The trick is to trade the two effects. You want to get into ETL before you lose your ground cushion of air. If you accelerate too fast the air cushion won't catch up before you gain ETL, you will settle and have to add power.

In an ideal take off creep the hovering helicopter forward to stay over the air cushion until ETL is gained and you don't have to change the power setting at all.

Has nothing to do with vortex ring state or SWP

[Tom22]

Have you ever seen dust or snow thrown up in front of the rotor disk at slow forward speeds? It is caused by vortical flow region near the ground upstream of the helicopter. It is recirculated through the rotor as speed increases thus momentarily causing a settling situation. However, this vortex phenomenon will disappear as speed is further increased.

[lelebebbel]

The helicopter settles slightly during transition into forward flight because of a number of factors, but you can continue to fly at that low forward airspeed quite comfortably, with only a slight increase in power. Even though some air may be recirculating in the forward part of the rotor disc.

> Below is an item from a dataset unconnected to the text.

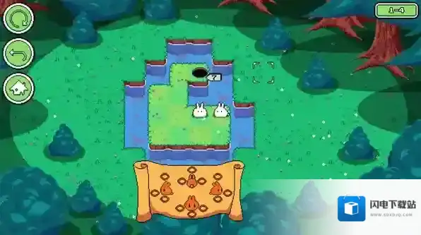 4.所有兔子进入洞穴即通关,可移动步数显示在洞穴旁。

In VRS however, a increase in collective pitch / power will increase the rate of descent.

 

There is always some air recirculating through the rotor when the helicopter is in a hover or in slow forward flight, but that still doesn't have much to do with vortex ring state.

 

If it would, raising the collective while hover-taxiing would make the vortex situation you are describing worse, causing the helicopter to pitch nose down - in reality, the opposite happens.

[kodoz]

Man, this thread got convoluted, and I'm probably not going to help. The VRS/SWP issue has been beaten to death, and depending on what you were taught, you get the distinction or you don't.

 

There is the aerodynamic condition (best described as VRS), but also called SWP since the aircraft continues to descend despite having power available to arrest the descent.

 

There is also Settling, with Power Available. This is not aerodynamic--it's the end of a bad approach where power is applied too late to arrest the descent, or the rate of descent is too great for to be arrested with the available power. Say you can just barely HOGE at 4000 MSL. If you set up a shallow approach, you have the power available at the end and can make the landing b/c your RoD is low. If you set up a steep approach with a high RoD, you can't arrest the RoD and "settle" into the ground.

 

What Tom is talking about isn't covered in most of the basic texts. What most of us probably learned is that, during the transition to forward flight, you shift some of the lift from being vertical to being horizontal, and the helicopter descends some, depending on how much you nose forward. There is a "vortical thing" going on too. While hovering, you are sitting on a cushion of air that flows down through the rotor disc, outward along the ground, and then upward some distance from the helicopter (AIM 7-3-7). That's a vortex. As you nose forward to take off, many things happen, but one of them is that the forward part of the disc pushes into that vortex. Some aerodynamics happen and lift is decreased. You then fly through that disturbed air, get ETL and some undisturbed air, and don't give it another thought. This is sort of like recirculation in a confined area, which you can read about in the RFM, except that during take off the helicopter moves into the vortex, whereas in recirculation, the vortex moves into the helicopter.